Students immediately jumped under their desks and called for help after the fire began, but Yanes and another student were caught in the flames.

The other student suffered first-degree burns.

Yanes was left with burns so deep that his sweat glands were numbed, and he is no longer able to sweat through some of parts of his body. He spent five months in hospitals after the accident, including two months in a burn unit undergoing extensive skin graft surgeries.

A federal agency had warned about the potential dangers of the experiment, known as the Rainbow, just weeks before the incident.
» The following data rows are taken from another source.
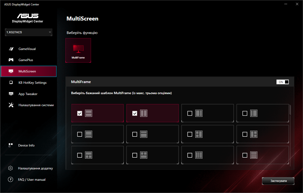 Програмна підтримка монітора зводиться до завантаження з сайту ASUS драйвера з колірним профілем та застосунку DisplayWidget Center, який має три варіанти оформлення та дозволяє налаштувати параметри екрана з-під Windows.
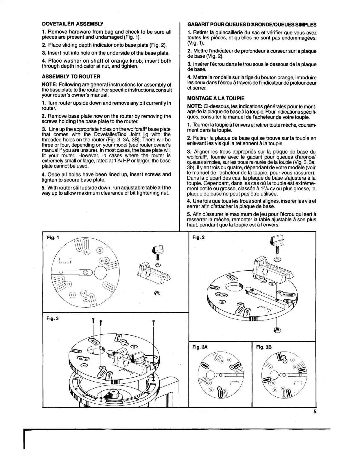 Wolfcraft 4250 - Jig Assembly and Router Mounting; Dovetailer Assembly Steps; Assembly to Router Instructions
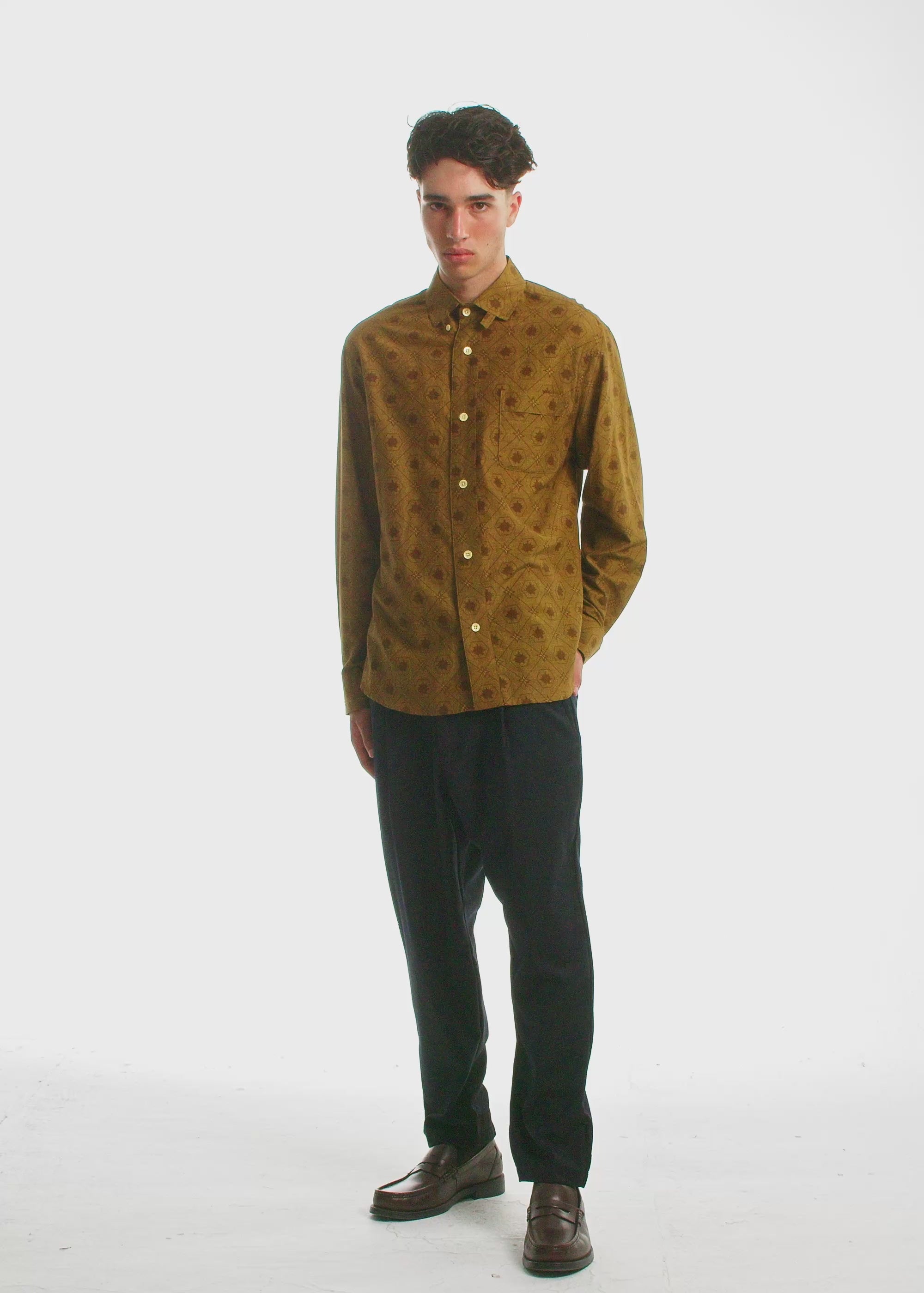 This item carries our signature DOT motif. A dot locked in a grid. Every yellow label bears this mark, hidden in plain sight, running through all we make. The mystery behind it: D.O.T. stands for Descendant of Thieves. Go down the rabbit hole, and the dot reveals the shape of a family tree… descending from a lineage of thieves. Our cotton silk blend carries the prestige of silk's luster and softness while offering a structured form that minimizes drape. A striking balance between easy-to-wear practicality and refinement.

The same experiment has caused at least two other accidents across the nation in the last 15 years.

“The well-being of students is the top priority of the Department of Education and this chemistry experiment is no longer used in any classroom as a result of this tragic accident,” Nicholas Paolucci, a spokesman for the city’s Law Department, said in a statement. “While we respect the jury’s verdict, we are exploring our legal options to reduce the award to an amount that is consistent with awards that have been upheld by the courts in similar cases.”

The city law department had argued that Yanes should be awarded no more than $5 million for past damages.

The jury granted $29 million in damages for past pain and suffering, and another $29 million for rehabilitation stretching 54 years into the future.

Yanes, now 21, studies animation at the School of Visual Arts, a college in Manhattan. During the trial, he testified that he sometimes takes off his glasses so he does not have to see strangers gawk at his scars.